Section 3582(c)(2) permits the discretionary modification of a defendant’s
sentence where the sentencing range is later lowered by the Sentencing
Commission, “if such a reduction is consistent with the policy statements issued
by the Sentencing Commission.” United States v. Gonzalez-Balderas, 105 F.3d
981, 982 (5th Cir. 1997). Sentence reductions under § 3582 are thus governed
by the policy statements of the Guidelines. Doublin, 572 F.3d at 237.

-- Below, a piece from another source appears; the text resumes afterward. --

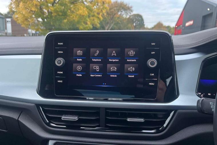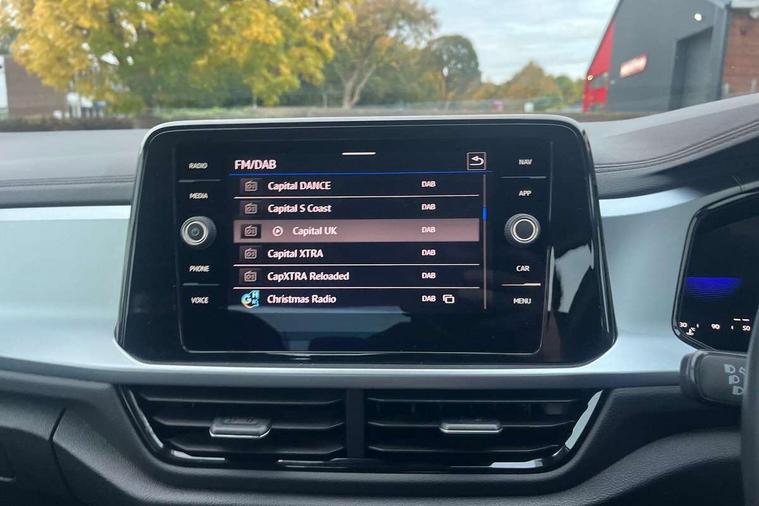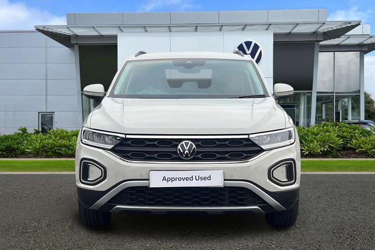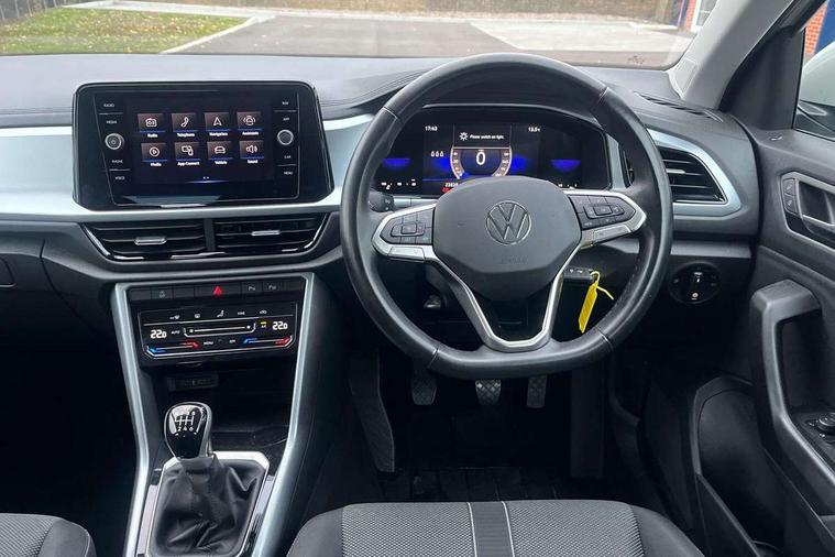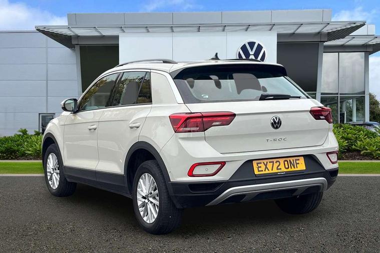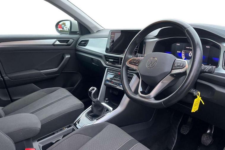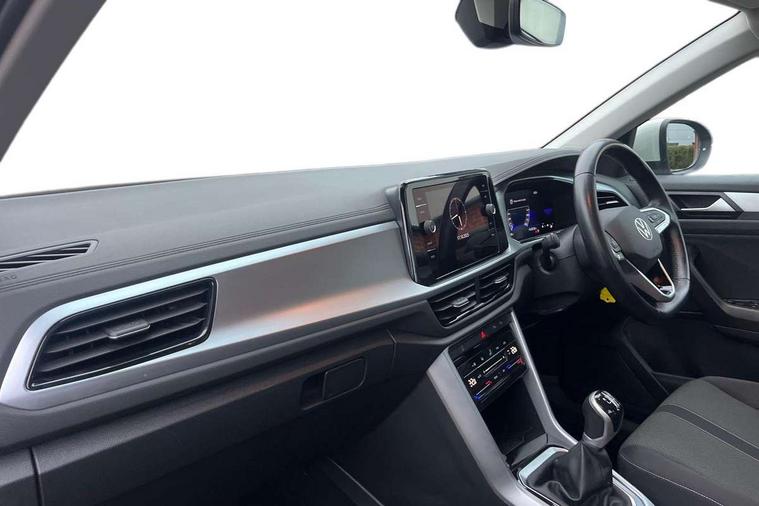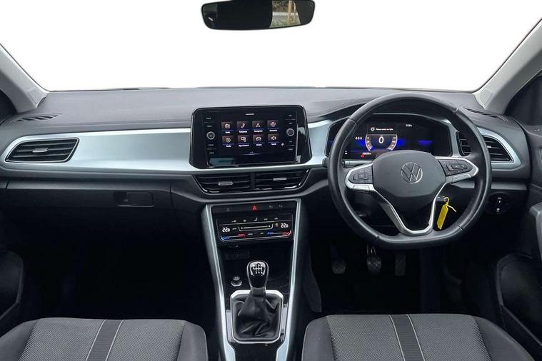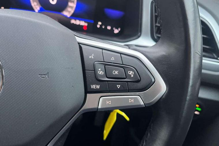 Bluetooth mobile phone interface, Driver alert system with fatigue detection, Driver tips and journey analysis, Emergency call service, Lane keeping system Lane Assist, Modified key software - reduce switch off time for key status change to Long no motion, Online services, Park assist including front and rear parking sensors, Power assisted speed sensitive steering, Service interval indicator, Tailgate/trunk lid release from outside, Think blue trainer driver tips and journey analysis, Warning sound and light for front seatbelts unfastened, Wireless app connect, Battery regeneration during braking, Front shock absorption, Rear shock absorption chassis with increased ride height, Start/stop function with battery regeneration, DAB Digital radio, Diversity antenna for FM reception, Front and rear 6 speakers, Music playback - MP3, WMA and AAC files, Premium USB cable in choice of either Apple or Android smartphone compatibility, SD card slot, Simultaneous pairing of 2 compatible mobile devices, Title and cover art display, We Connect and We Connect Plus functionality, 3rd brake light, Auto dimming interior rear view mirror, Automatic hazard lights activation under emergency braking, Automatic headlight control with LED separate daytime running lights with coming/leaving home function, Black roof rails, Body coloured bumpers and radiator grille with chrome trim and front fog lamps with chrome bezel, Body coloured exterior mirror housings and door handles, Extended roof spoiler, Exterior mirrors aspherical on driver side, convex on front passenger side, External USB type C socket and charging sockets, Front windscreen wiper with intermittent wipe and 4 position delay, Heated rear window, LED Headlights, LED rear combination lamps, LED rear number plate lights, LED tail lamp rear comination lamps, Power windows with comfort operation and circuit breaker, Rain sensor, Rear exhaust tailpipe, Rear fog light on one side and reversing lights on both sides, Rear side wing doors, Rear wash/wipe with intermittent wipe setting, Remote electrically foldable door mirrors, puddle lights and reverse activated passenger's door mirror, 12V power socket in centre console, 3 rear head restraints, 3 seat bench in 2nd row, 4 load lashing points in luggage compartment, Air care climatronic air conditoning system with active combination filter and 2-zone temperature control, Ambient lighting with mirror logo projection, Cloth upholstery, Door and side trim panel in cloth, Drawer under drivers seat, Driver/front passenger seat height adjustment, Front centre armrest, Front comfort sports seats, Front cupholders x 2, Front reading light, Instrument lighting, white adjustable panel illumination, Interior light delay, Isofix child seat preparation, Leather gearshift handle, Load-through provision with cup holder when folded down ('Unsplit rear seat bench, split folding backrest, with centre armrest), Luggage compartment lighting, Lumbar support for driver's and front passengers seat, Non-folding front passenger seat backrest, Single front passenger seat, Storage compartment in left and right luggage area, Storage compartment in rear doors, Storage compartments in driver and front passenger doors, Sunvisors with illuminated vanity mirrors, Variable boot floor, height adjustable and removable, Driver assistance pack without proactive passenger protection - T-Roc, 3 point height adj front seatbelts + pretensioners, 3 point seatbelts in outer rear with ECE label, ABS, Child locks on rear doors, Driver and front passenger airbag with front passenger airbag deactivation, Driver and front passenger safety-optimised head restraints, Drivers seatbelt reminder, Electronic parking brake, Electronic Stability Control (ESC) inc EDL (Electronic Differential Lock) and ASR (Traction Control), Front and rear passengers curtain airbag system including front side airbags, Front assist with city emergency braking and pedestrian monitoring, Front disc brakes, Front seat side impact airbags, Hill start assist, Predictive pedestrian protection, Rear disc brakes, Single tone horn, Tyre pressure loss indicator, Volkswagen roadside assistance, Alarm with interior protection, Anti-theft alarm system with interior monitoring, backup horn, and towing protection, Remote central locking with SAFELOCK, radio remote control with 2 remote control folding keys, Pewter matt decorative inserts for intrument panel, centre console and door panels at the front, Trims for alloy wheels,

Pettaway’s guidelines range was not derived from the quantity of crack
cocaine involved in the offense, but rather from his career offender status. The
district court was thus correct in concluding that a reduction was not permitted
under § 3582(c)(2). See § 3582(c)(2). Pettaway’s argument that the district court
had the discretion to reduce his sentence under § 3582 in light of United States
v. Booker, 543 U.S. 220 (2005), is unavailing because “the concerns at issue in
Booker do not apply in an 18 U.S.C. § 3582(c)(2) proceeding.” Doublin, 572 F.3d
at 238. Although the Guidelines must be treated as advisory in an original
sentencing proceeding, Booker does not prevent Congress from incorporating a
Guideline provision “as a means of defining and limiting a district court’s
authority to reduce a sentence under § 3582(c).” Id. at 239 (internal quotation
and citation omitted).
The district court thus did not err in denying Pettaway’s motion for a
reduction of sentence. The district court’s judgment is AFFIRMED, the
Government’s motion for summary affirmance is GRANTED, and the
Government’s motion for an extension of time is DENIED.